The problem: Beginning with the line below that contains "语音驱动嘴形。 | ![]() |" and ending with the line that contains "PORCELAIN DOLL IN BASKET", retype every line exactly. Pictures are not copied.

The data Block Start

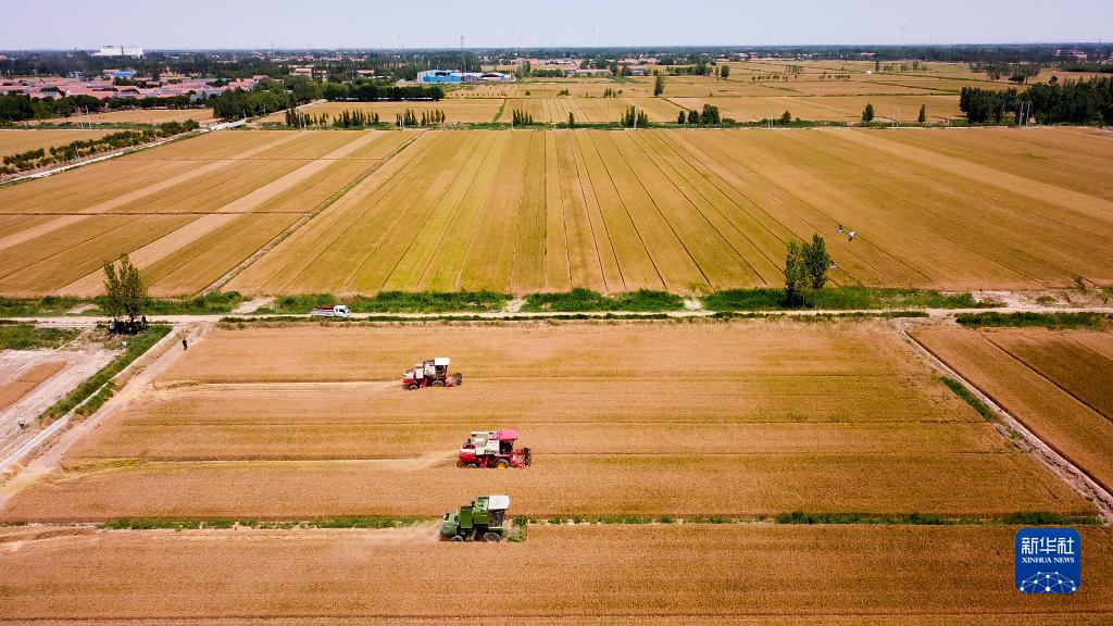 在山東省惠民縣桑落墅鎮,農民駕駛農機收獲小麥(2022年6月7日攝,無(wú)人機照片)。新華社記者 郭緒雷 攝
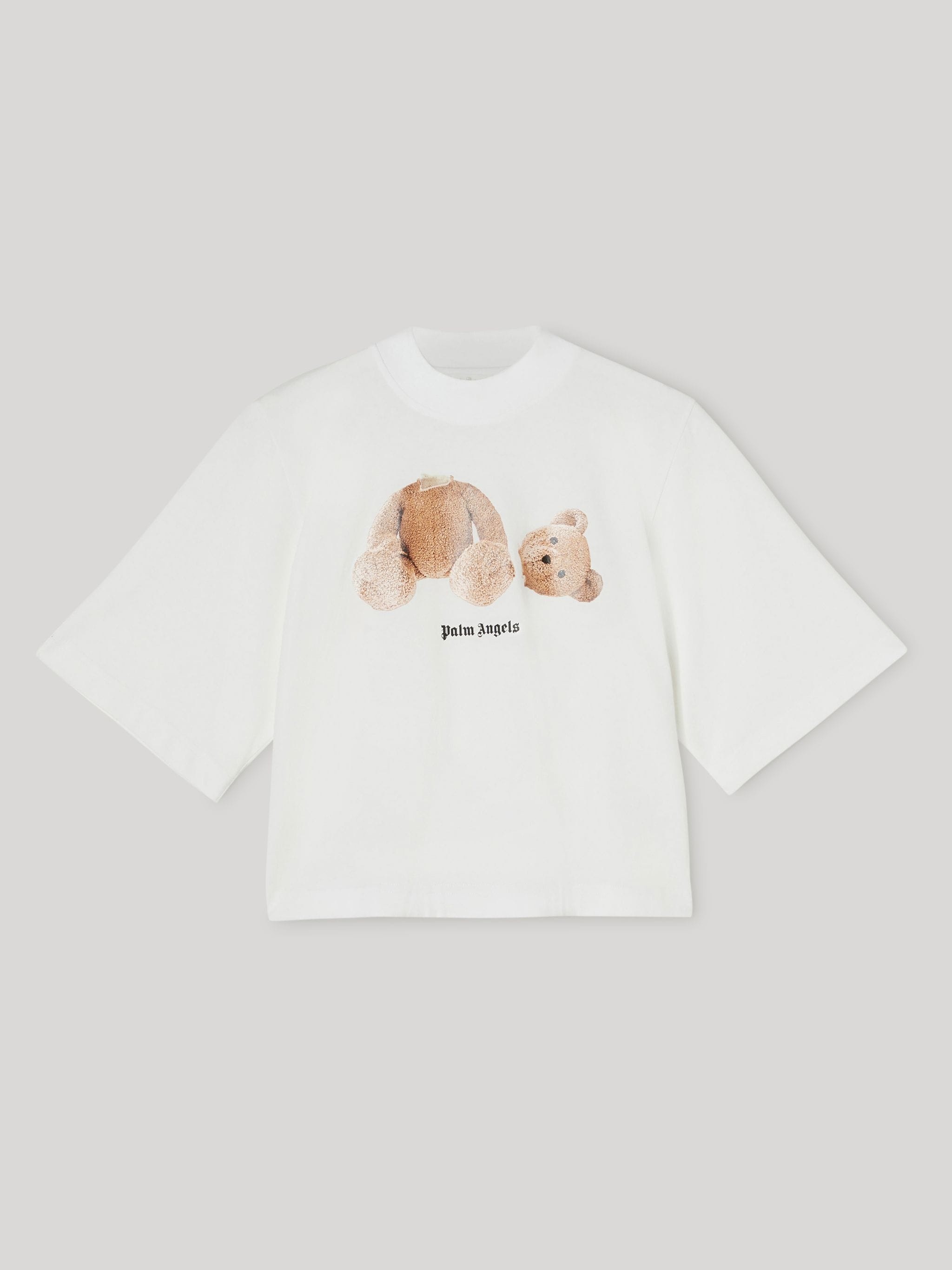 SHORT SLEEVES CROPPED T-SHIRT IN WHITE WITH BEAR GRAPHIC AND BLACK LOGO PRINTED AT FRONT. CREWNECK COLLAR. FABRIC 100% COTTON PRODUCT ID: PWAA020C99JER0110160
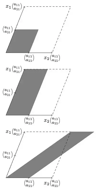 Therefore, the area of the parallelogram determined by and has to be times the area of the first one since one of the sides has been multiplied by this factor. Now, this last parallelogram, by Cavalieri's principle, has the same area as the parallelogram determined by and
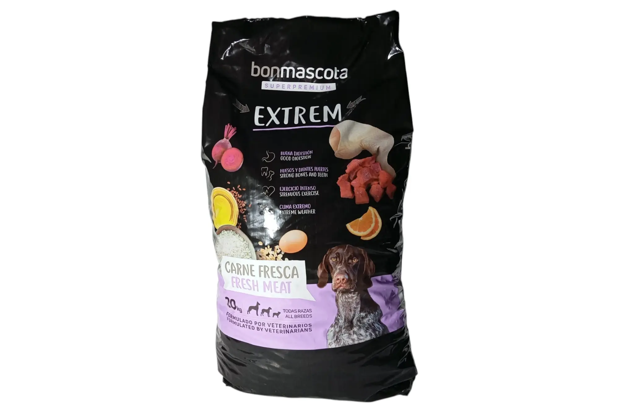 Saco de 20 kg de pienso bonArea Extrem. Una alimentación de alta gama, formulada con ingredientes seleccionados para ofrecer una nutrición óptima, completa y equilibrada para perros con un nivel de actividad normal.
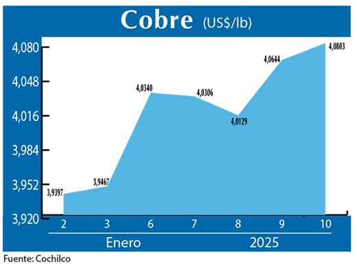 Un ascenso de 0,4% experimentó el precio del cobre este viernes en la Bolsa de Metales de Londres (BML) al cerrar en US$ 4,080 la libra. De esta forma, la materia prima promedia US$ 4,325 la libra en lo que va del año con un avance de 7,8%.
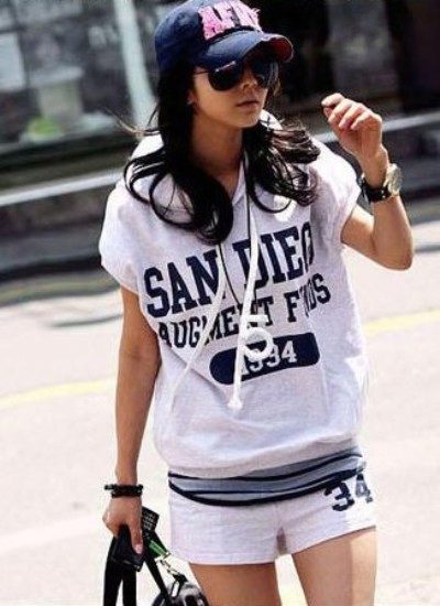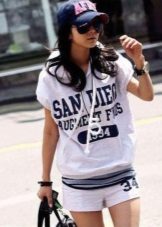 - Denim shorts, T-shirt and sports shoes. This is an option for a cool summer evening, which is suitable only for slender girls.
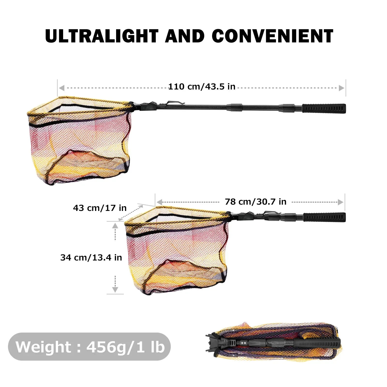 2. Tamaño de pesca científico: 43 cm de ancho, 34 cm de profundidad, diseño engrosado y profundo, ampliando el rango de pesca, peces grandes fácilmente en la red.
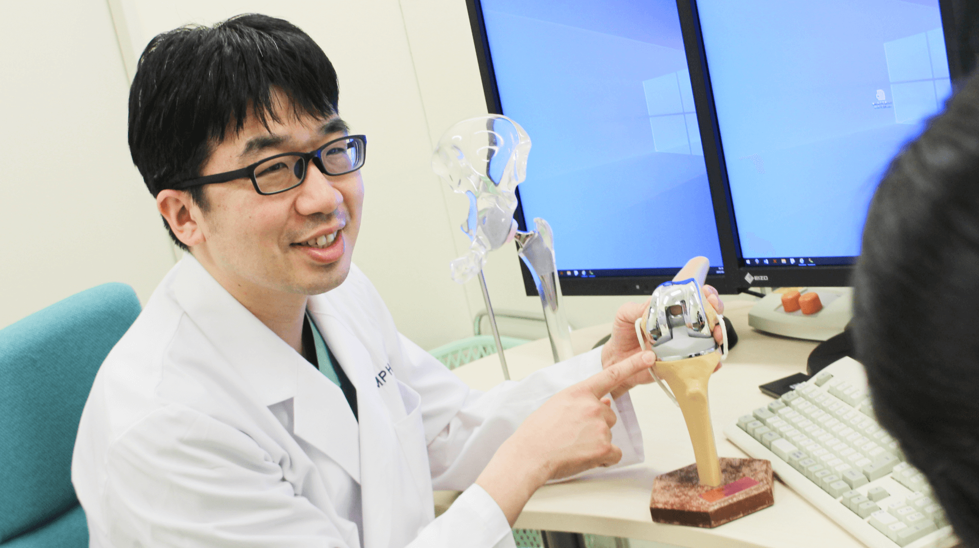 近年は医療の発展に伴って、術式や使用するインプラント(人工関節)にはさまざまな選択肢があります。当院では“患者さんが本当に幸せになる治療の提供”を目指すため、治療を検討する際には必ず「痛みが軽減したら何をしたいですか」と伺っています。答えはさまざまですが、その答え(希望)をもとに手術方法やインプラントの選定、リハビリテーションの計画を立て、望まれる生活を実現すべく尽力いたします。
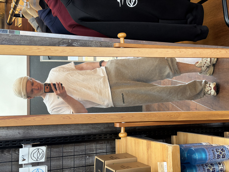 A mirror reflection shows a person wearing a white t-shirt, grey sweatpants, a light-colored beanie, and sneakers
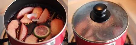 3.用中火炖煮15分钟后关火,等苹果在红酒中浸泡2个小时后即可食用。
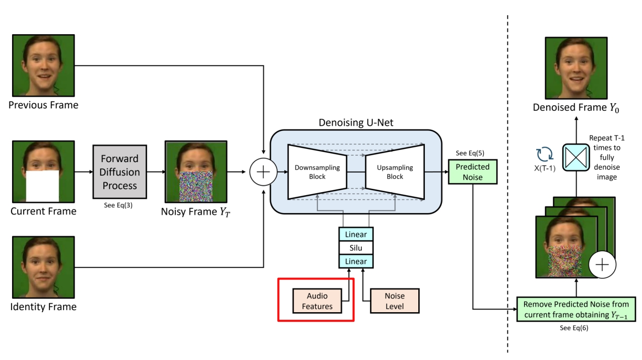 | 2023 | Speech Driven Video Editing via an Audio-Conditioned Diffusion Model | > ✅(1)把说话的部分 mask 掉 (2)用 diffusion 根据 Audio Feature 生成说话的部分。 ✅ 额外约束:(1)reference 状态 (2)前后帧 smooth ✅ 语音驱动嘴形。 | ![]() |
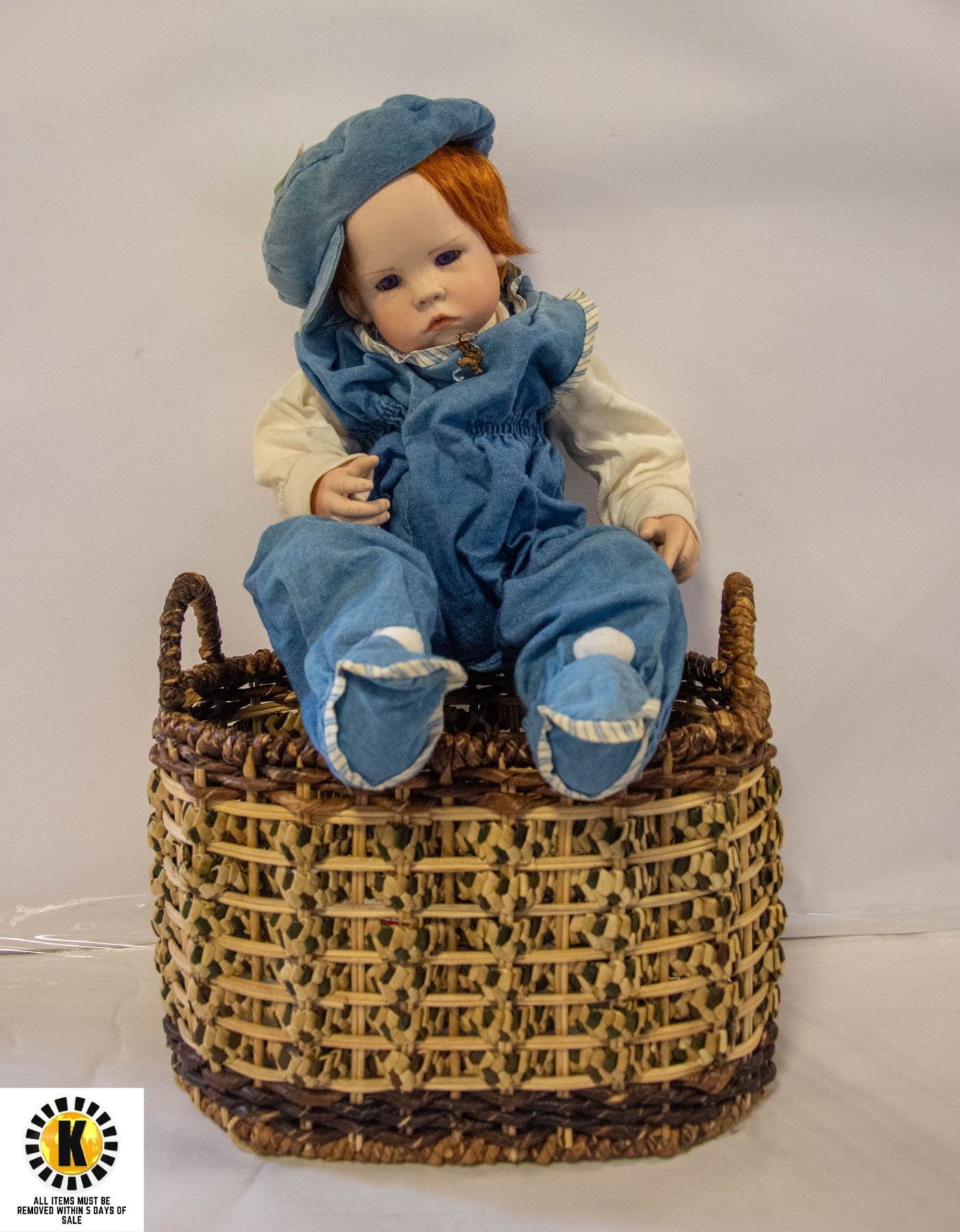 PORCELAIN DOLL IN BASKET
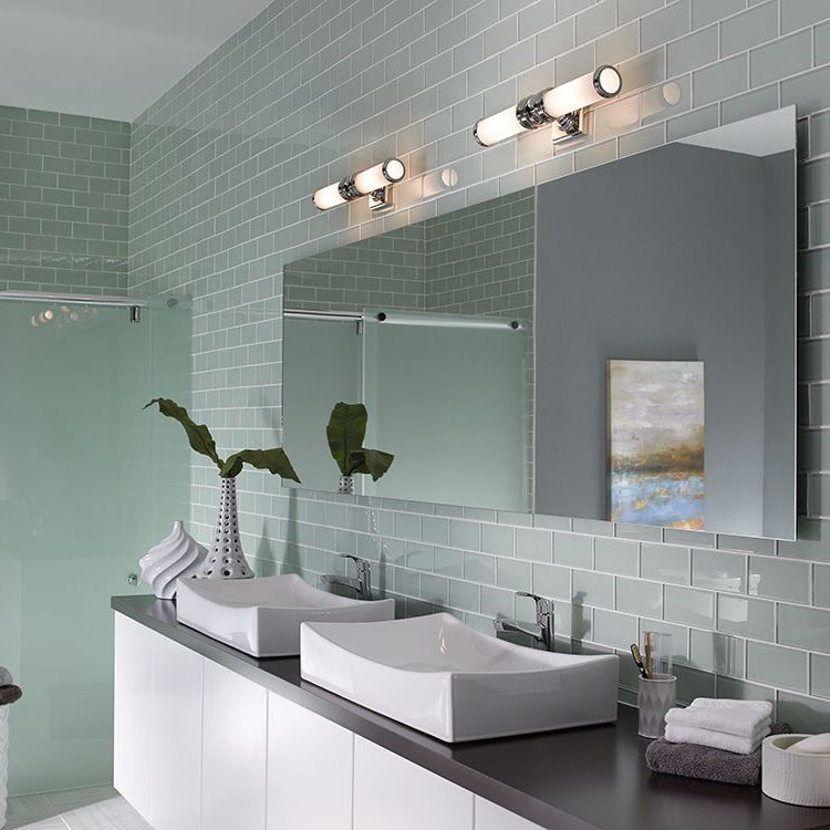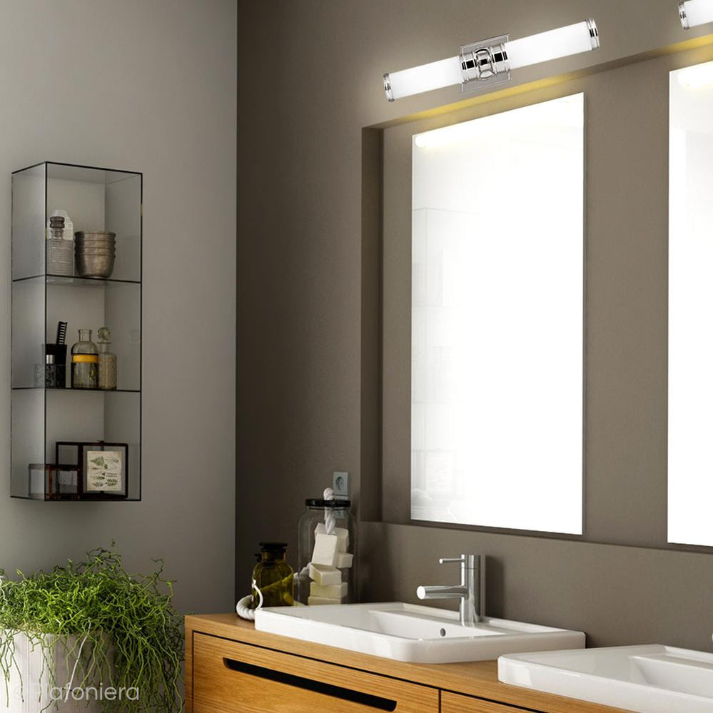 Nowoczesna kinkiet poziomy zainspirowany angielskimi lampami z XV wieku, mleczne, szklane klosze oprawione w chromowane pierścienie z eleganckimi, ozdobnymi detalami, o podwyższonej klasie szczelności IP 44, dedykowany do łazienek, nad lustro ale równie dobrze sprawdzi się w salonie, w sypialni, obok łóżka zamiast nocnych lampek, w kuchni, hotelu, restauracji urządzonych w stylu nowojorskim, nowoczesnym, skandynawskim, neoklasycznym i retro.
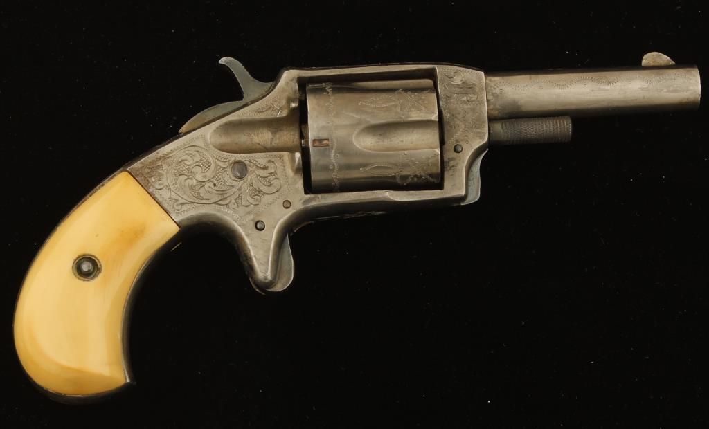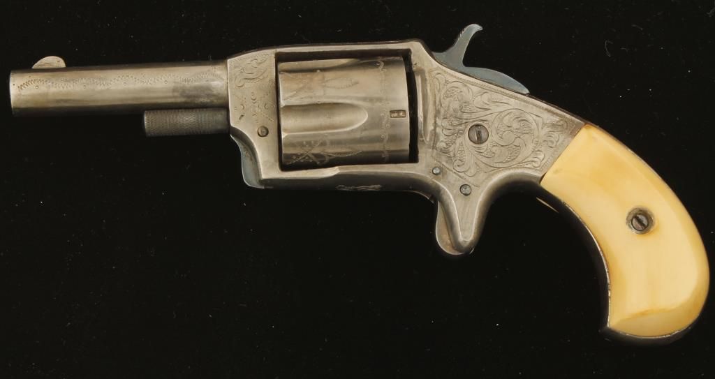 Single action spur trigger 5 shot revolver with 2-1/2" round barrel. Scroll and decorative engraving, bright blue hammer, ivory birdshead grips and fixed sights. Very good working action. Trigger is very light. Condition: Very good with no loss to grips. *Antique Firearm*
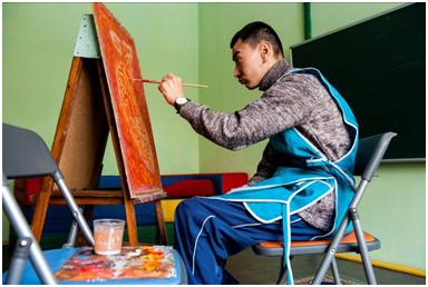 They call him Matisse. Medet has a wonderfully warm personality and is extremely kind and gentle. He loves painting and never seems to tire of it. Although there is no conclusive evidence, it seems that force was applied to Medet’s mother’s abdomen as she was giving birth, which probably resulted in his CP.
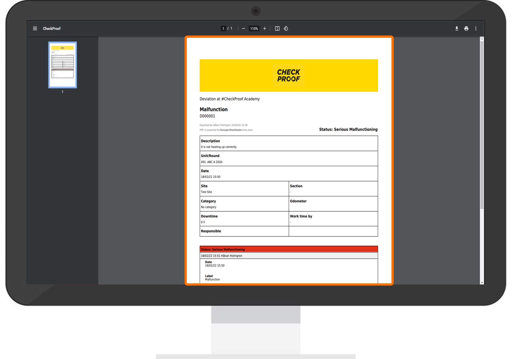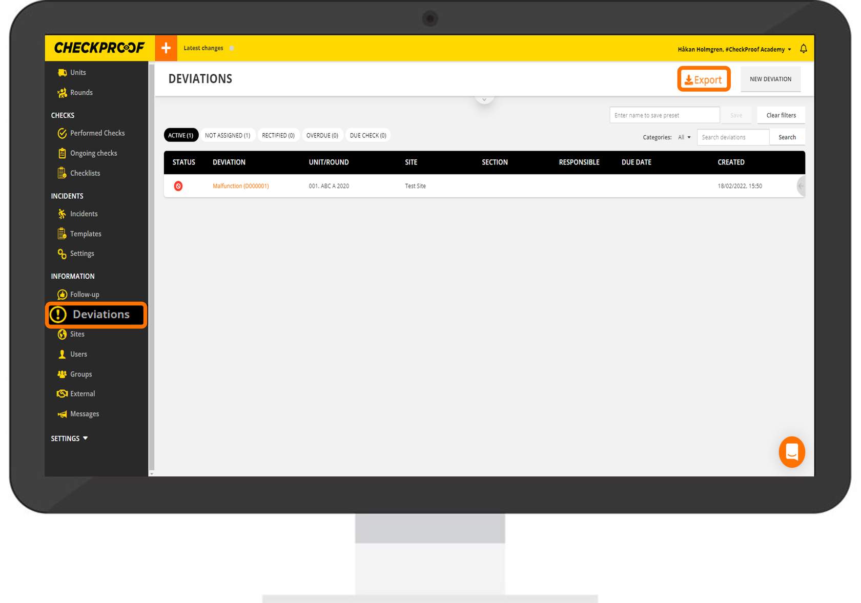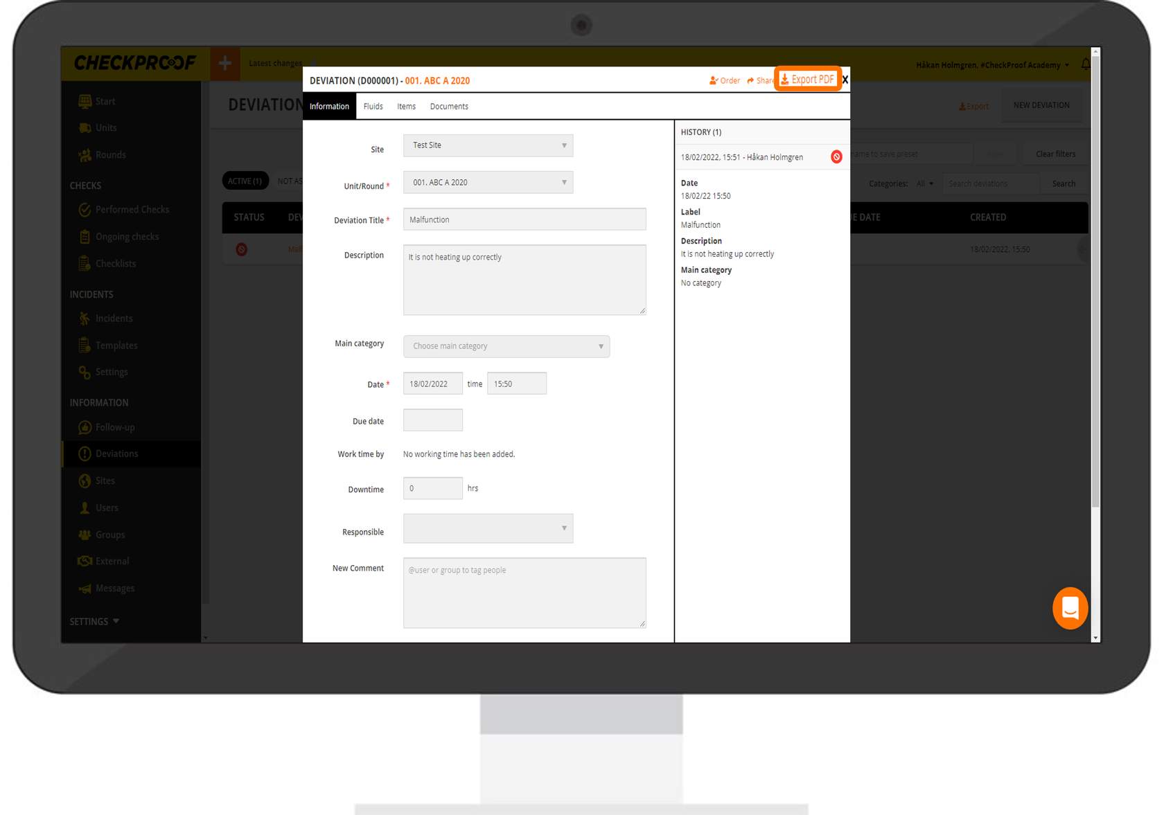 Here you will see the information related to this deviation. Click the “Export PDF” button in the upper-right corner.

The data Block End

Output of the exercise:
 | 2023 | Speech Driven Video Editing via an Audio-Conditioned Diffusion Model | > ✅(1)把说话的部分 mask 掉 (2)用 diffusion 根据 Audio Feature 生成说话的部分。 ✅ 额外约束:(1)reference 状态 (2)前后帧 smooth ✅ 语音驱动嘴形。 | ![]() |
 PORCELAIN DOLL IN BASKET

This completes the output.